** Data to process follows **

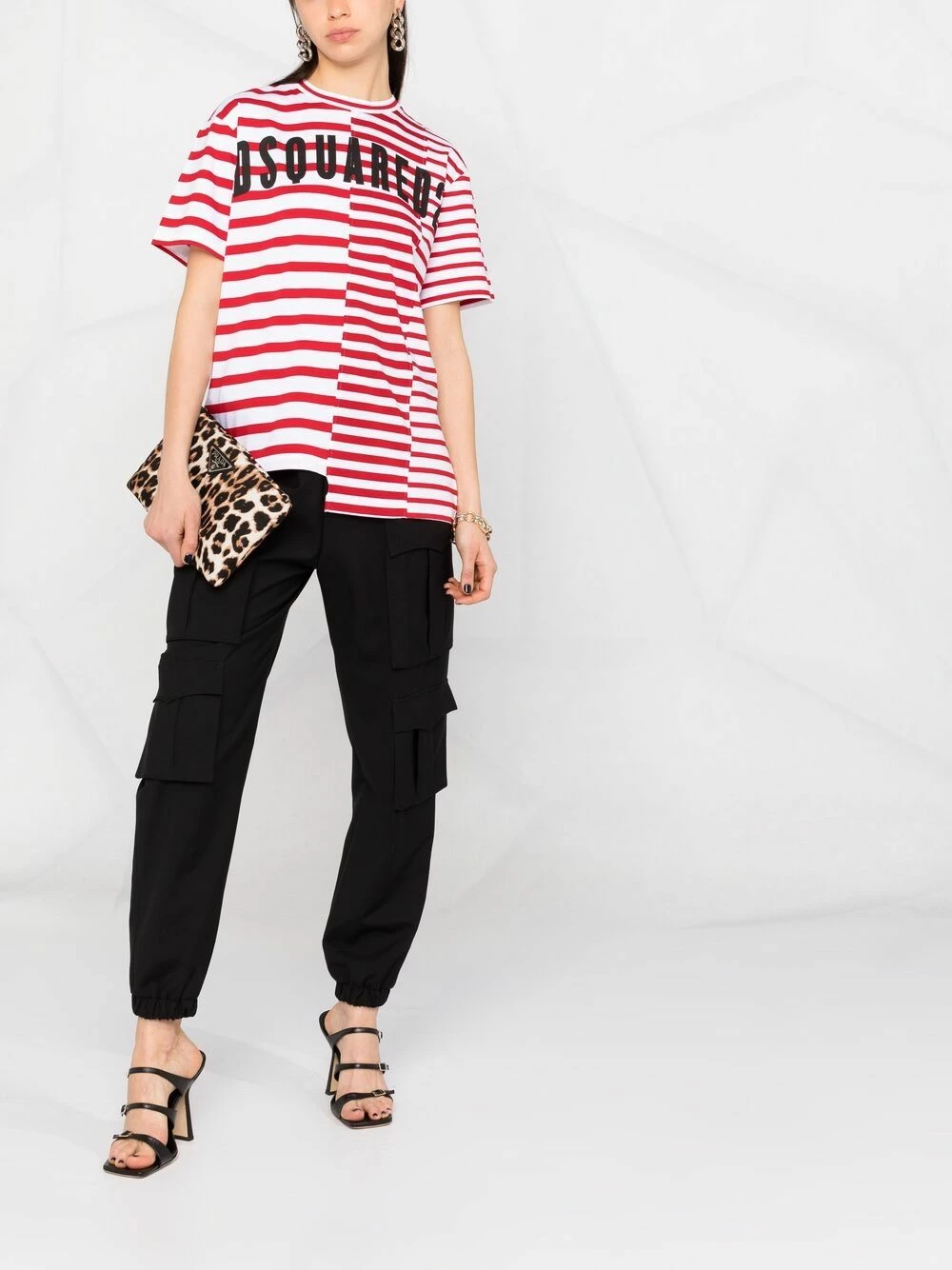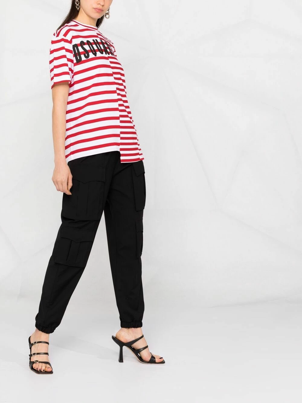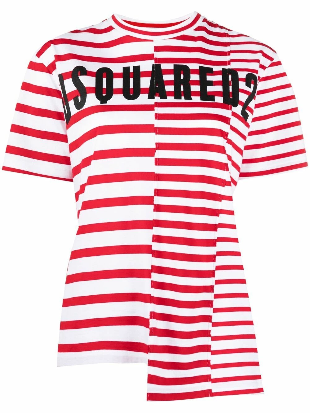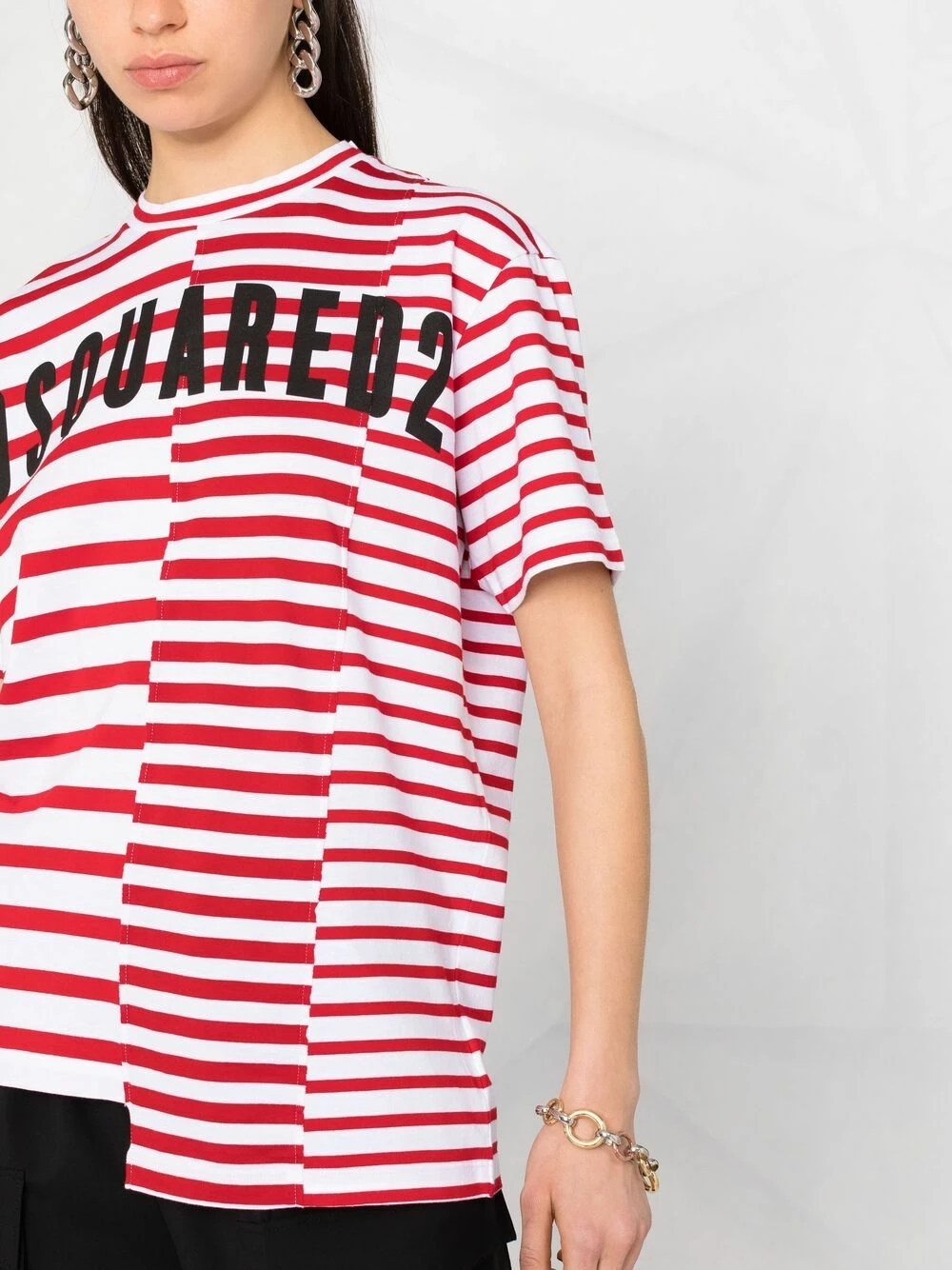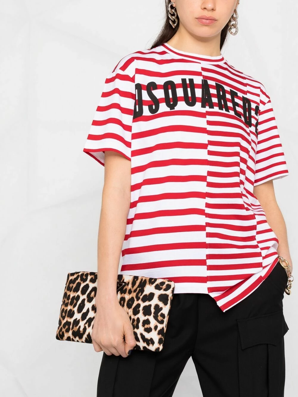 Rayures vives, logo imprimé à la poitrine, encolure ras du cou, manches courtes, ourlet asymétrique. Matière : coton.
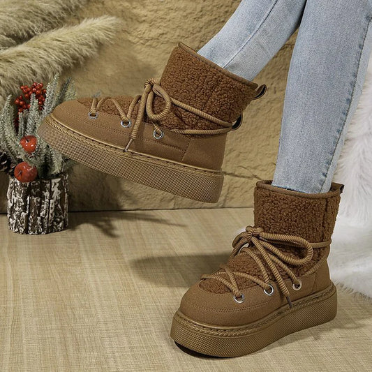 Patchwork-Schneestiefel mit runder Spitze und niedriger Plateausohle zum Schnüren
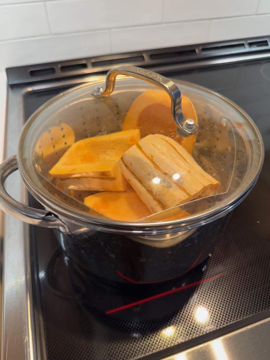 - Step 2: Prepare the filling: Trim off the ends of the squash and discard. Quarter and core the squash. Fill a large saucepan with 2 inches of water and place a steamer basket inside. Bring to a boil over high heat and add the squash quarters. Lower the heat to medium, cover with a fitted lid and steam the squash until tender, about 15 minutes. Transfer the steamed squash to the bowl of a food processor and let it cool slightly, about 10 minutes. [No need to remove skin.] Blend until completely smooth. (You should have about 1 cup.)
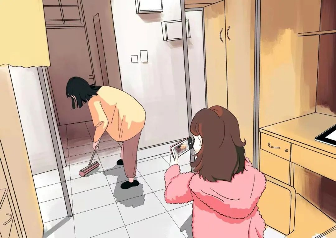寝室虽然地方不大,但五脏俱全,就是我们温暖的小家。既然每日呆在寝室,自然少不了要好好整顿一番!同学们分工明确,你拖我扫,整理桌面。最重要的是拍照发个朋友圈炫耀一下这温馨的小窝啦!
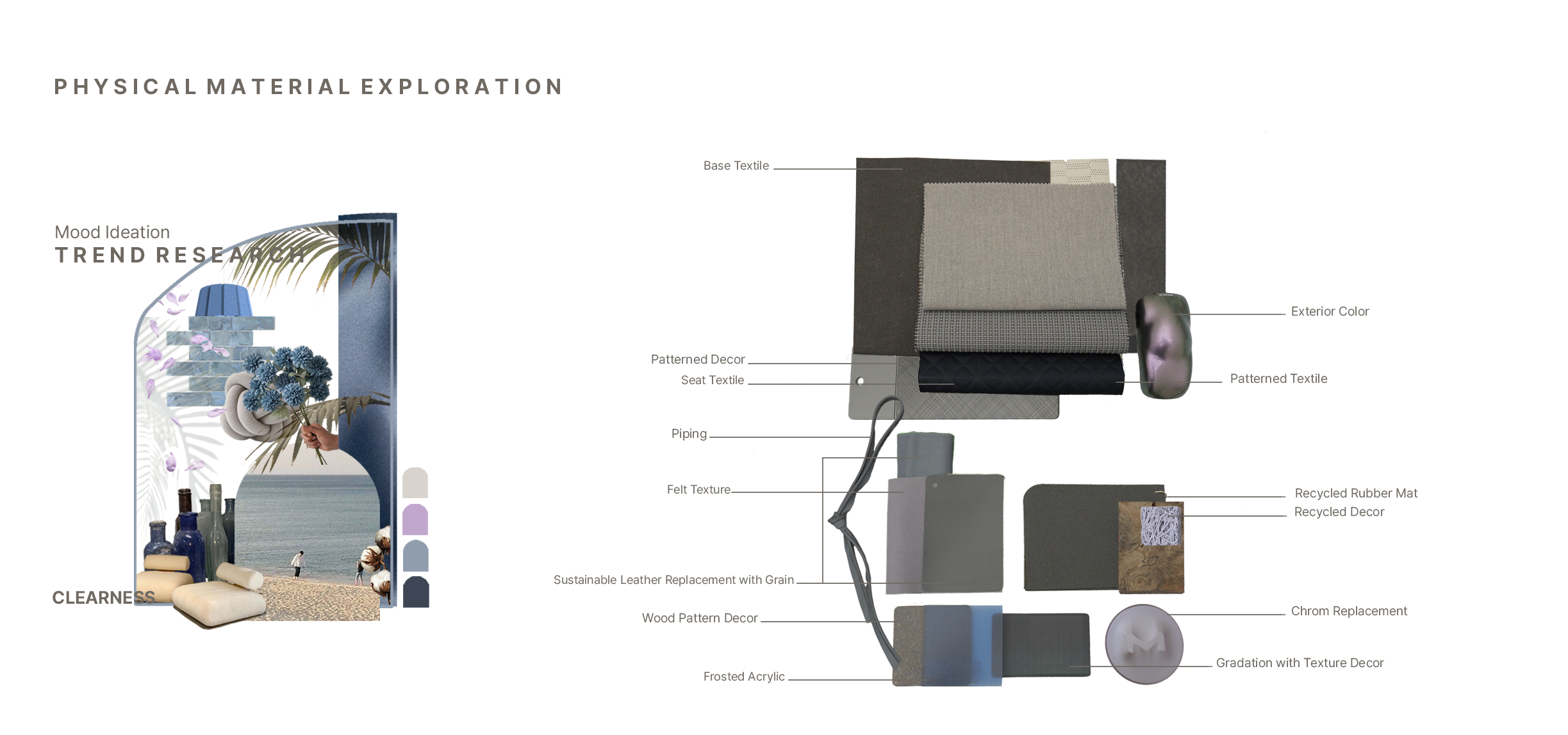 I collaborated with Interior Design intern Chenqi Zhu to develop a concept from scratch, aligning with the interior design process. I explored sustainable materials, researched global trends, and created curated material trays for model building. I also learned to create 3D materials and a virtual library using Blender, enhancing both visual communication and workflow. This project strengthened my skills in collaboration, storytelling, and material exploration.
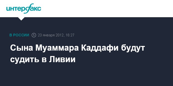 Бейрут. 23 января. INTERFAX.RU - Решением Международного уголовного суда (МУС) сына Муаммара Каддафи Сейфа аль-Ислама будут судить в Ливии, а не в Гааге, сообщает в понедельник интернет-сайт ливанской газеты "Эн-Нашра".
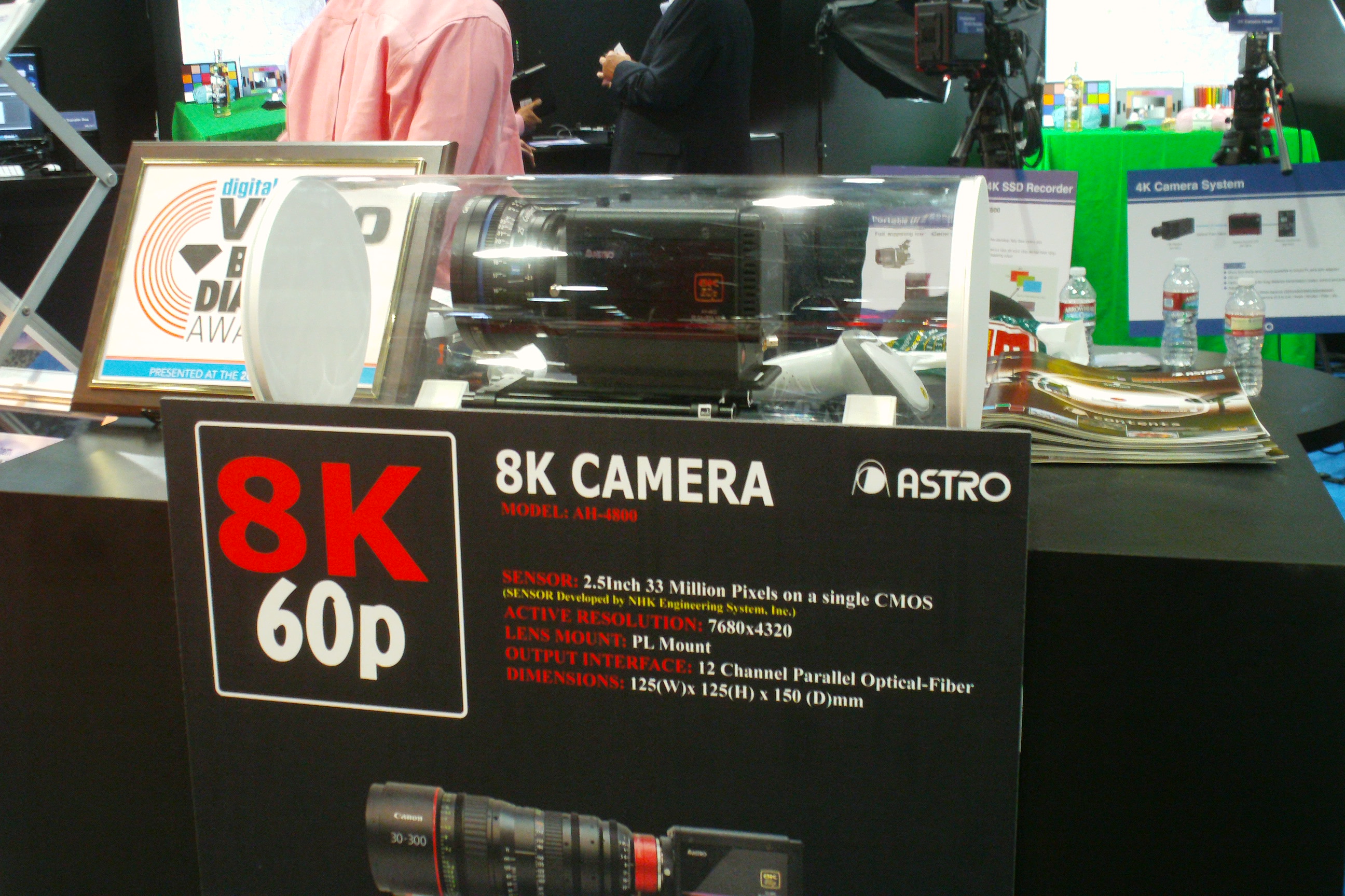 2013년에는 AstroDesign 사가 8K 카메라를 발표하고 NAB 쇼에서 시연했으며, NHK와 히타치도 8K 카메라를 선보였다. 이후 8K 기술은 주요 국제 행사에서 시연되기 시작했다. 소치에서 열린 2014년 동계 올림픽과 브라질에서 열린 2014년 FIFA 월드컵에서는 HEVC 코덱을 이용한 8K 영상이 공개 상영되었다.[13][14][15] NHK는 월드컵 일본 경기를 8K로 촬영하기도 했다.

** End of Data to process **

From the line that contains "Бейрут. 23 января." to the end of the listing, give every line again exactly as written. Leave the pictures out.

 Бейрут. 23 января. INTERFAX.RU - Решением Международного уголовного суда (МУС) сына Муаммара Каддафи Сейфа аль-Ислама будут судить в Ливии, а не в Гааге, сообщает в понедельник интернет-сайт ливанской газеты "Эн-Нашра".
 2013년에는 AstroDesign 사가 8K 카메라를 발표하고 NAB 쇼에서 시연했으며, NHK와 히타치도 8K 카메라를 선보였다. 이후 8K 기술은 주요 국제 행사에서 시연되기 시작했다. 소치에서 열린 2014년 동계 올림픽과 브라질에서 열린 2014년 FIFA 월드컵에서는 HEVC 코덱을 이용한 8K 영상이 공개 상영되었다.[13][14][15] NHK는 월드컵 일본 경기를 8K로 촬영하기도 했다.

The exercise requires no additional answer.